What is the etymology of calling a police officer a cop?

  • Rick

I don’t think anyone knows for sure, but it’s probably from “cop” meaning to grab. http://www.urbanlegends.com/language/etymology/cop_etymology_of.html


Once again, you can forget about any etymology that claims that a word known from before the 20th century came from an acronym. They just didn’t do them back then. “Cop” didn’t come from “Constable on Patrol.” “Posh” didn’t come from “Port Out, Starboard Home.” “Tip” didn’t come from “To Insure Promptness.” “Wog” didn’t come from “Wise Oriental Gentleman.”


While I’ve heard what you claim above many times before, and believe it to be true, it occurs to me now I don’t have a particular citation for it – nor, sadly, does your post.

So what’s the authority for the proposition that acronyms from before 1900 were just not done?

  • Rick

I always thought it came from “Citizens On Patrol”.
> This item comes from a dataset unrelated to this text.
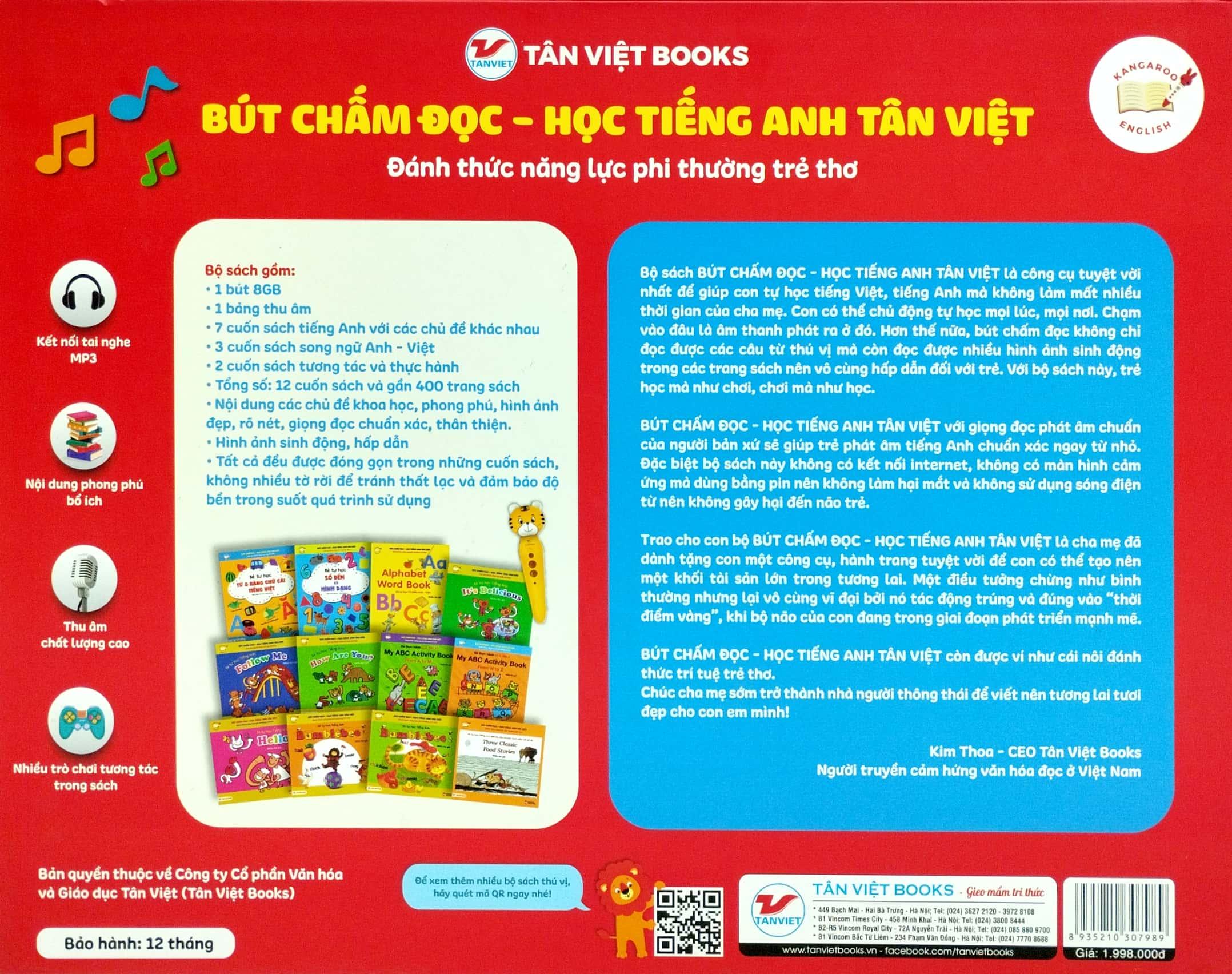 Trao cho con bộ BÚT CHẤM ĐỌC - HỌC TIẾNG ANH TÂN VIỆT là cha mẹ đã dành tặng con một công cụ, hành trang tuyệt vời để con có thể tạo nên một khối tài sản lớn trong tương lai. Một điều tưởng chừng như bình thường nhưng lại vô cùng vĩ đại bởi nó tác động trúng và đúng vào ""thời điểm vàng”, khi bộ não của con đang trong giai đoạn phát triển mạnh mẽ.

*So what’s the authority…? *

Sources whose etymological claims are based on reliable mainstream sources such as the OED. For instance, Errors in Popular Etymology, again at wordorigins.org

Also see this thread and check out the links that are given there.

Note that there’s a singular, and significant, exception to the “claims of derivation based on acronyms and abbreviations before 1900 are false” rule. To wit, O.K. Everything else, pretty much, is bunkum.